Once the images are removed, set down everything else in the listing below exactly.

INFORMATION SHOWN
◆ ◆ ◆ ◆
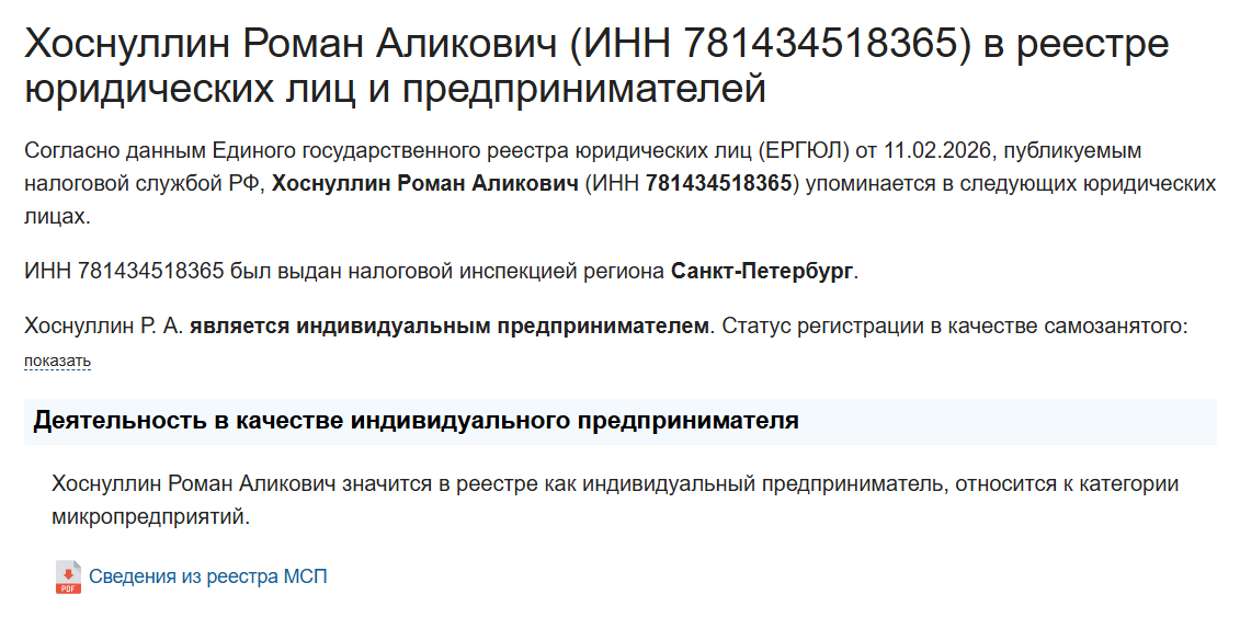 В обзоре сконцентрируемся на разборе бесплатного практикума «Выживший на Wildberries». Рекламный сайт представляет собой типичный продающий лендинг на 3-дневный воркшоп. Организатор – ИП Хоснуллин Роман Аликович. Мы проверили ИНН – данные действительны, но категория занятости не относится к образовательной деятельности.
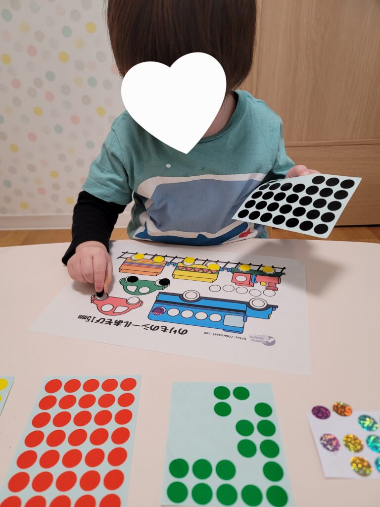 「好きな色を選んで貼ってね」と看護師が声をかけると元気いっぱいに「黄色~!」と
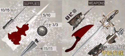 弹药和补给就是一些飞刀啦、毒霚弹啦、和血瓶,而它们的数量是和护甲有关
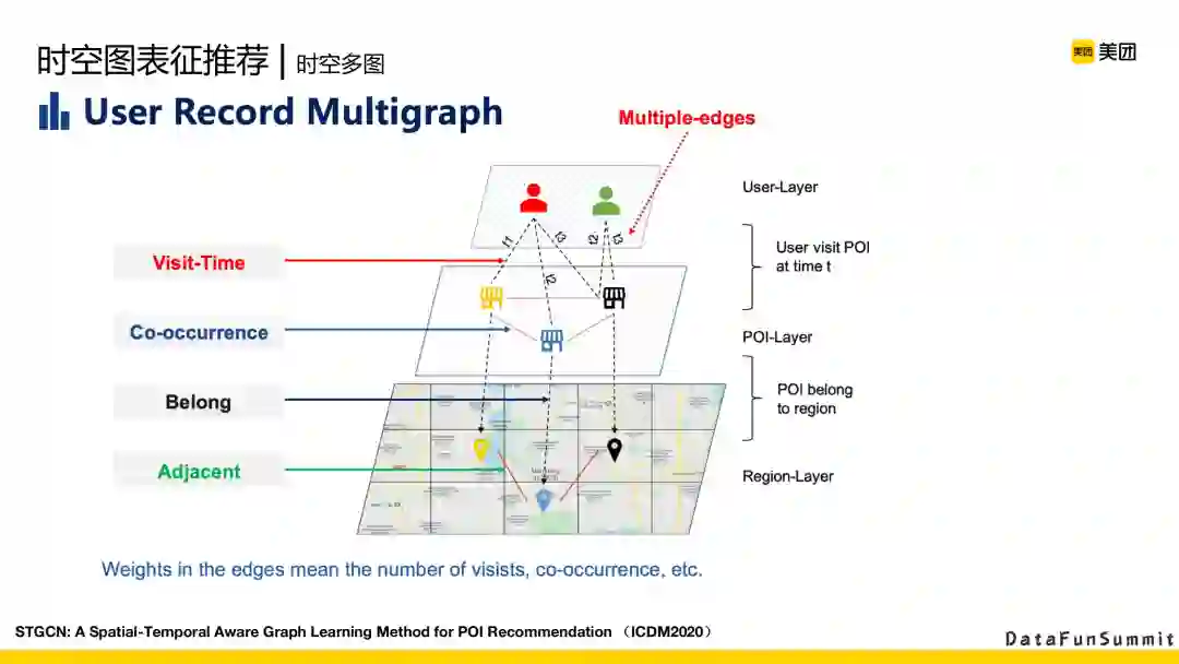 A:第一个问题,这边可能想问的是刚才“时空多图”这个地方吧?首先我们这里的多图并不是指多关系,而是指用户在不同的时间段里面都访问这个POI,每一个时间段一个访问,我们可能会构出一条边来。这边的访问已经结合了我们可能会给不同的交互一个不同的权重,形成同一种关系。比如可能点击行为,给了权重是一,下单可能是三,支付可能是五,这样多关系做一个聚合。
◆ ◆ ◆ ◆
WRITTEN SOLUTION
 В обзоре сконцентрируемся на разборе бесплатного практикума «Выживший на Wildberries». Рекламный сайт представляет собой типичный продающий лендинг на 3-дневный воркшоп. Организатор – ИП Хоснуллин Роман Аликович. Мы проверили ИНН – данные действительны, но категория занятости не относится к образовательной деятельности.
 「好きな色を選んで貼ってね」と看護師が声をかけると元気いっぱいに「黄色~!」と
 弹药和补给就是一些飞刀啦、毒霚弹啦、和血瓶,而它们的数量是和护甲有关
 A:第一个问题,这边可能想问的是刚才“时空多图”这个地方吧?首先我们这里的多图并不是指多关系,而是指用户在不同的时间段里面都访问这个POI,每一个时间段一个访问,我们可能会构出一条边来。这边的访问已经结合了我们可能会给不同的交互一个不同的权重,形成同一种关系。比如可能点击行为,给了权重是一,下单可能是三,支付可能是五,这样多关系做一个聚合。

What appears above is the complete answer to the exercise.